Today’s blog post is a guest post from remote training client Nettie who ran her first 100 miler last weekend!  I simply loved her race recap and thought you might enjoy reading it to; race recaps are a GREAT way to learn no matter if you are a seasoned veteran or thinking about signing up for your first ultra.  I hope you enjoy reading about Nettie’s experience  as much as I did 🙂

Burning River 102.2


Last winter after finishing JFK 50 that crazy dream started in my head of trying to finish a 100 mile race.  In January I ran Winter Trail Marathon in Indiana (where my light locked up in dim mode on me and I got lost and ran 30 miles instead of 26 and DNFed because I didn’t find the finish line in time).  As crazy as it sounds this DNF made me think that maybe-maybe I can run 100 miles, because I didn’t panic in Indiana, I ended up troubleshooting it and fining my way out.

Fast forward to August 6, Burning River 100 (or rather 102.2 ).

The goal for this race was to just finish, and  leave each station at least half an hour before the cutoff. My body felt a bit iffy before the race, with very tight right  piriformis and hamstring, and tight left calf. They could have been phantom pains, but definitely weren’t confidence boosters. I also looked at previous results of Burning River and saw that there weren’t many fast times there. Some phenomenal runners I know running 26 – 29 hours on that course. Summer in Ohio can be very humbling.

My pacer Carissa and I got to Akron on Friday around 6 pm. The couple days prior to the race were crazy hectic with little sleep, because of last minute work stuff and just life in general. I told myself not to worry about it because there was nothing I could do to change it this point. What’s done is done… “Do what you can, with what you have, where you are”

We had dinner (potatoes, some pasta with marinara sauce, mint tea, banana, some pistachios: seriously though it was very hard to eat, my stomach was in the knot even though I didn’t think I was too stressed).

I tried to go to bed at 9 pm, but couldn’t fall asleep for quite a while. I was also waking up every couple hours checking the clock.

I got up at 1:30 am to get ready for 2:15 am bus. Got dressed, made my oatmeal that I would eat on the bus, had Earl Grey tea, mixed my Tailwind, rechecked my gear. It was just enough time to walk to the bus. I tried to sleep during the bus ride but it was hard. I drifted off a couple times.

We got to the start line around 3:40 am. Enough time for a potty break, quick chat with a friend, and to line up the start line.
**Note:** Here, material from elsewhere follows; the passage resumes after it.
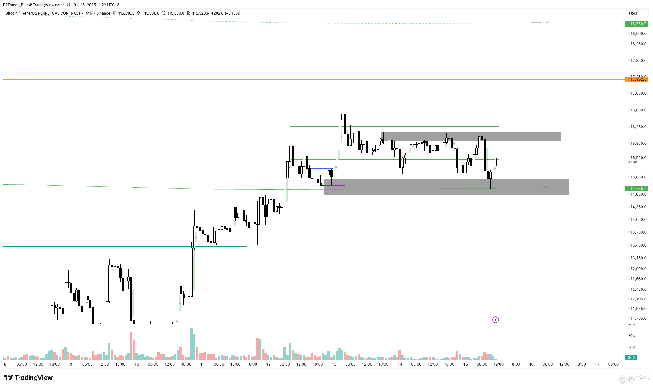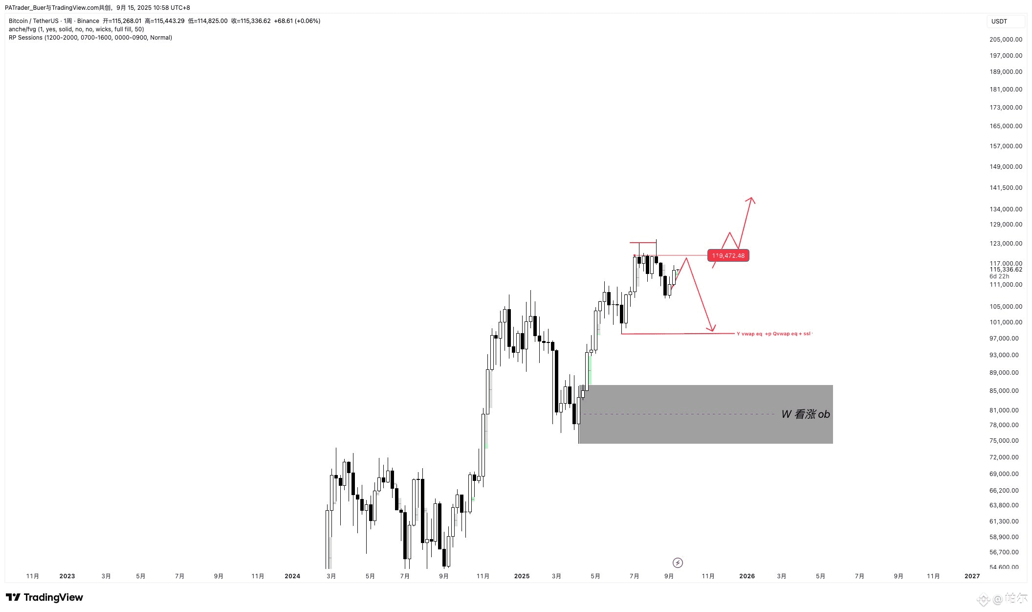 这里认为不破 115 看涨ob 就是向上看,这是也是上方日线讲的eq 位置。

At 4 am off we went. I used my cheap light in the beginning of the race,trying to safe my good 600 lumen one for the night. The cheap headlamp was fine. We ran on the road and pretty much stayed together. I tried to keep a slow pace and started at the back of the pack. I ran with a couple guys who DNFed at BR100 last year and one of them said:” See those guys in front? Half of them will drop, and we will pass about a third of those who won’t. Don’t try to keep up with them! I made this mistake last year!”.

First 13 miles were pretty uneventful road miles, some rolling hills, pretty view, pretty high humidity. I ran with a guy name Mike and we shared stories.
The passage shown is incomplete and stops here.